The problem> Using the records below, output the stretch that opens with the line containing "2 ಜನ ಆರೋಪಿಗಳ" and closes with the line containing "In 1983, I had", exactly and including both lines, with nothing more.

Source material>
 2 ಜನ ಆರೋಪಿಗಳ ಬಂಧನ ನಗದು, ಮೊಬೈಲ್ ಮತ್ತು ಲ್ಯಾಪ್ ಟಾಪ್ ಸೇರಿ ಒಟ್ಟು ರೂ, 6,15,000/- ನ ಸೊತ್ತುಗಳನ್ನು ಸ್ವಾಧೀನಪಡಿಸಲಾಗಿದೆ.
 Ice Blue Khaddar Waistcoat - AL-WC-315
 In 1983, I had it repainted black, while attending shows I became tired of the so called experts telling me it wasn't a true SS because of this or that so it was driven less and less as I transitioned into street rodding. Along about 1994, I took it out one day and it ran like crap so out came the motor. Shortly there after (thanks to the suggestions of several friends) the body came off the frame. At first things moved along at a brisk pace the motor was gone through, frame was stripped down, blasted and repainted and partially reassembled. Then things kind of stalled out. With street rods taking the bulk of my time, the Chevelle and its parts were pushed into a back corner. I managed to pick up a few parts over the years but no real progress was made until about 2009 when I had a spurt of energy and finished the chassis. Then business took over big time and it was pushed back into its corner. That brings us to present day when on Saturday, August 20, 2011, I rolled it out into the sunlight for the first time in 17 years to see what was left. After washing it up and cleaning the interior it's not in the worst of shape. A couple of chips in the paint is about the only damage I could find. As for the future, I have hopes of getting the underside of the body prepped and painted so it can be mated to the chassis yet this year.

...

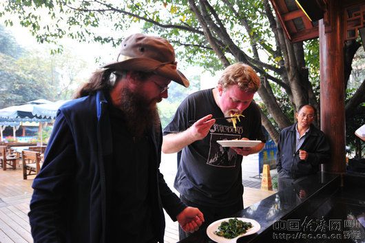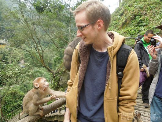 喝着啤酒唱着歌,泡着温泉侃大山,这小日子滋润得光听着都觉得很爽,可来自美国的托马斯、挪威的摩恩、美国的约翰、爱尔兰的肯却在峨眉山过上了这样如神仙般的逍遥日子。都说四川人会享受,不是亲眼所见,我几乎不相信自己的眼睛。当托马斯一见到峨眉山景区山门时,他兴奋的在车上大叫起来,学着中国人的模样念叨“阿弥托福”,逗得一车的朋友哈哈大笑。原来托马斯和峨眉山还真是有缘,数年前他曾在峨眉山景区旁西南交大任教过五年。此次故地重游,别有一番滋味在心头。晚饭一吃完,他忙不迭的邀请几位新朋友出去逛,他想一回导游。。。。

Response>
 2 ಜನ ಆರೋಪಿಗಳ ಬಂಧನ ನಗದು, ಮೊಬೈಲ್ ಮತ್ತು ಲ್ಯಾಪ್ ಟಾಪ್ ಸೇರಿ ಒಟ್ಟು ರೂ, 6,15,000/- ನ ಸೊತ್ತುಗಳನ್ನು ಸ್ವಾಧೀನಪಡಿಸಲಾಗಿದೆ.
 Ice Blue Khaddar Waistcoat - AL-WC-315
 In 1983, I had it repainted black, while attending shows I became tired of the so called experts telling me it wasn't a true SS because of this or that so it was driven less and less as I transitioned into street rodding. Along about 1994, I took it out one day and it ran like crap so out came the motor. Shortly there after (thanks to the suggestions of several friends) the body came off the frame. At first things moved along at a brisk pace the motor was gone through, frame was stripped down, blasted and repainted and partially reassembled. Then things kind of stalled out. With street rods taking the bulk of my time, the Chevelle and its parts were pushed into a back corner. I managed to pick up a few parts over the years but no real progress was made until about 2009 when I had a spurt of energy and finished the chassis. Then business took over big time and it was pushed back into its corner. That brings us to present day when on Saturday, August 20, 2011, I rolled it out into the sunlight for the first time in 17 years to see what was left. After washing it up and cleaning the interior it's not in the worst of shape. A couple of chips in the paint is about the only damage I could find. As for the future, I have hopes of getting the underside of the body prepped and painted so it can be mated to the chassis yet this year.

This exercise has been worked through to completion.